The reply should hold only the lines below beginning at the one with "1988 Rolex 18K" and ending at the one with "any kids’ space.", copied exactly, with every picture left out.

> **GIVEN ENTRIES**
>>>

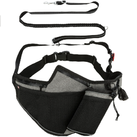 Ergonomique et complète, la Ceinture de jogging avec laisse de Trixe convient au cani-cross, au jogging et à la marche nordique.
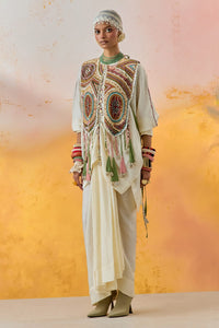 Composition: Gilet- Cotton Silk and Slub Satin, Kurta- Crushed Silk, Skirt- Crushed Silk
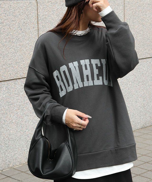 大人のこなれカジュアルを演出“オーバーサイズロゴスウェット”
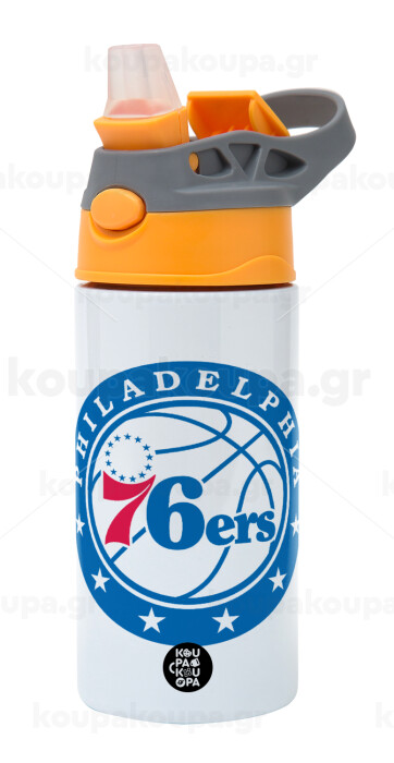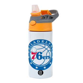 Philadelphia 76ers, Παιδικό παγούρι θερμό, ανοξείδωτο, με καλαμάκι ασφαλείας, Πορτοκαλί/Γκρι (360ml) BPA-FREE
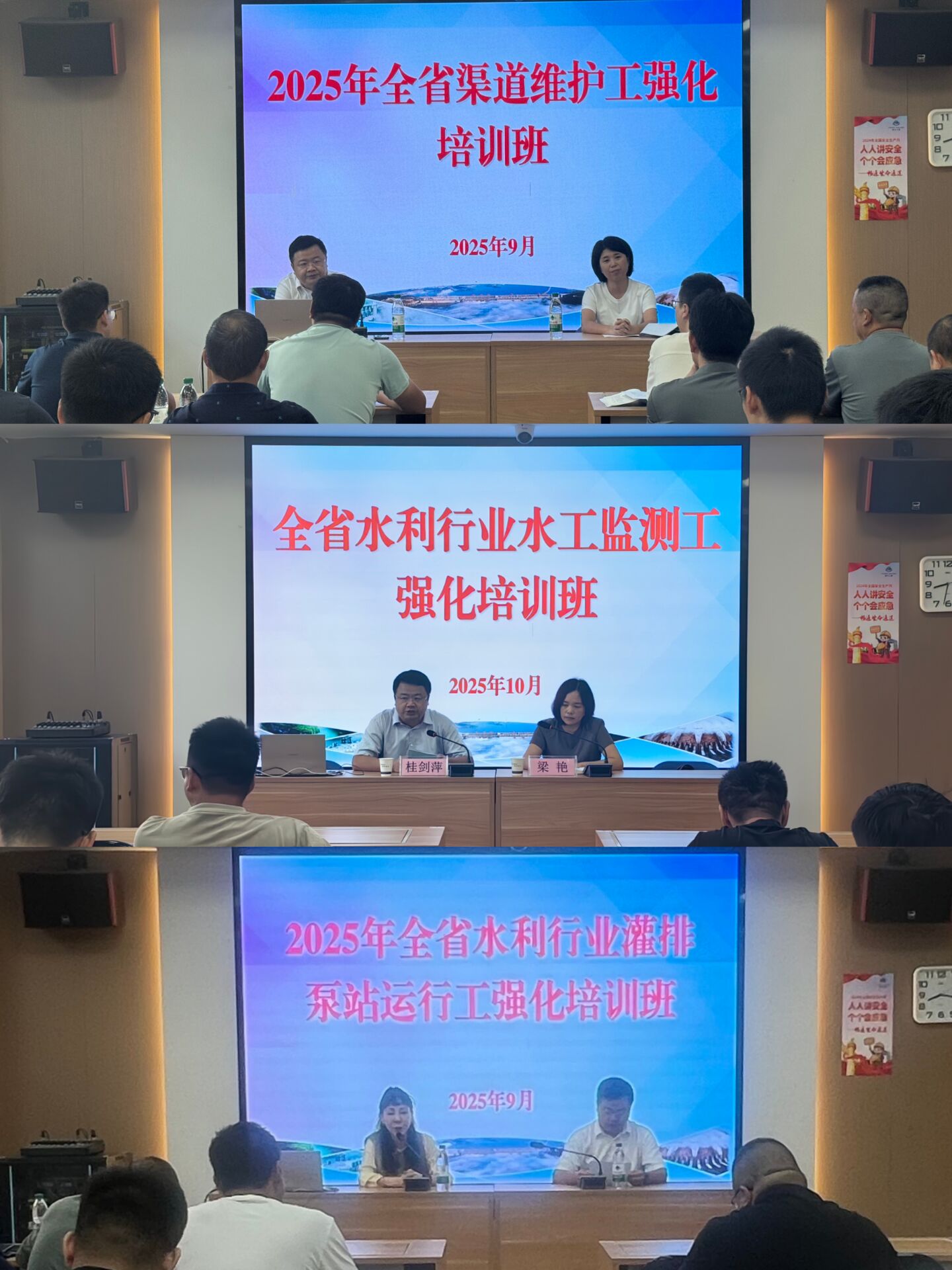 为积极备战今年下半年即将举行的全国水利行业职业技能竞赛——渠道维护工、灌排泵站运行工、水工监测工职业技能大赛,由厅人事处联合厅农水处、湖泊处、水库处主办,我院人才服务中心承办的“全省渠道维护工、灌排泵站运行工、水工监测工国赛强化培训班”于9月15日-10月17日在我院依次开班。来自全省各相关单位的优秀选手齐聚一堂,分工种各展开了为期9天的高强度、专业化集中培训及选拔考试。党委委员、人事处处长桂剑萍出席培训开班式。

<<<
>>>

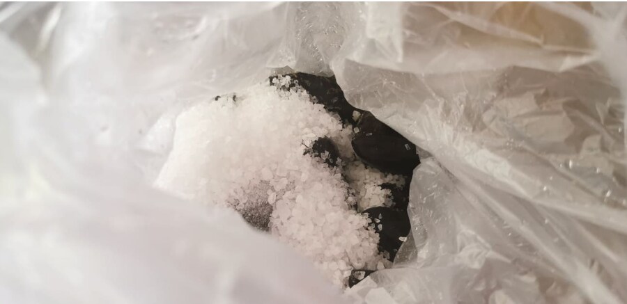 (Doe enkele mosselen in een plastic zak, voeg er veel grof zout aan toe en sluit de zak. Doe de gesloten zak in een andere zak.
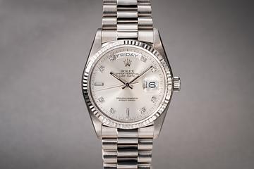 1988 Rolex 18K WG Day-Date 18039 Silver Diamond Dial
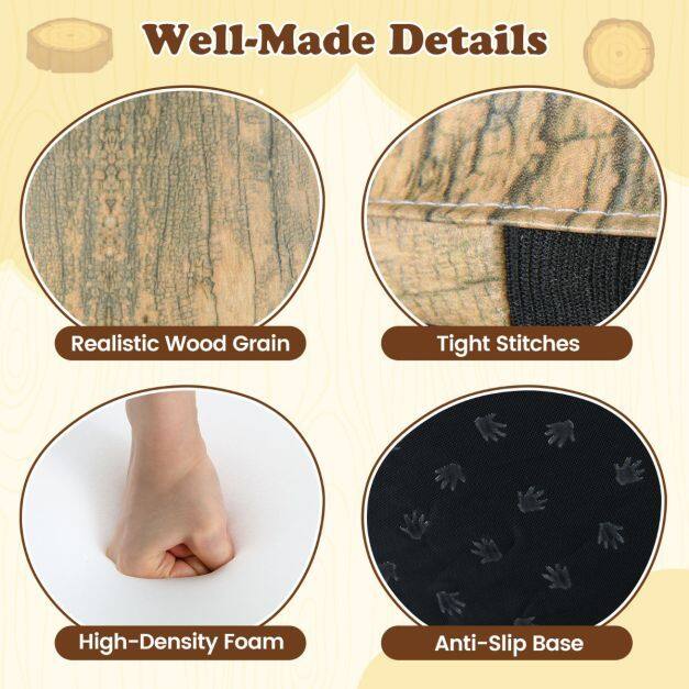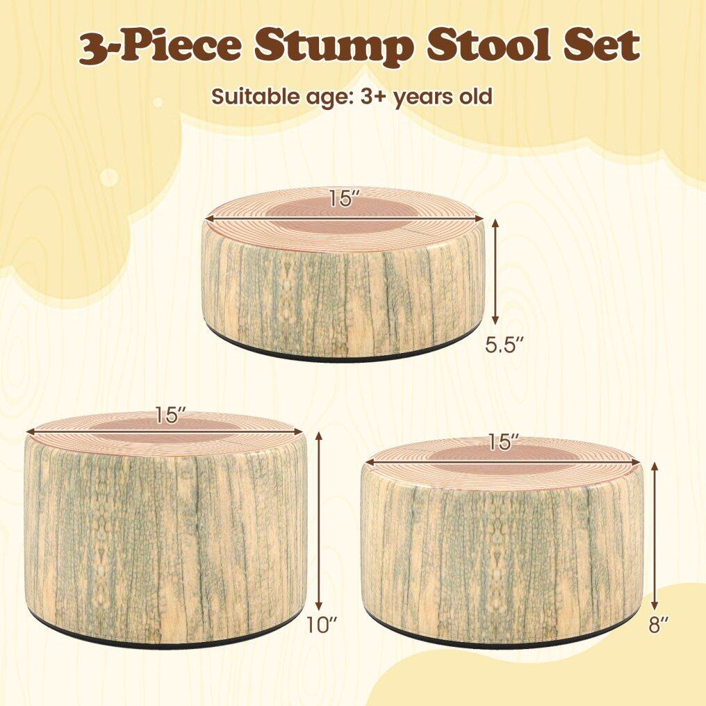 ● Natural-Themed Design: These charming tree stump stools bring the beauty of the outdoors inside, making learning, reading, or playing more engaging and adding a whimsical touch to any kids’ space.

<<<

> **FINISHED EXERCISE**
 1988 Rolex 18K WG Day-Date 18039 Silver Diamond Dial
 ● Natural-Themed Design: These charming tree stump stools bring the beauty of the outdoors inside, making learning, reading, or playing more engaging and adding a whimsical touch to any kids’ space.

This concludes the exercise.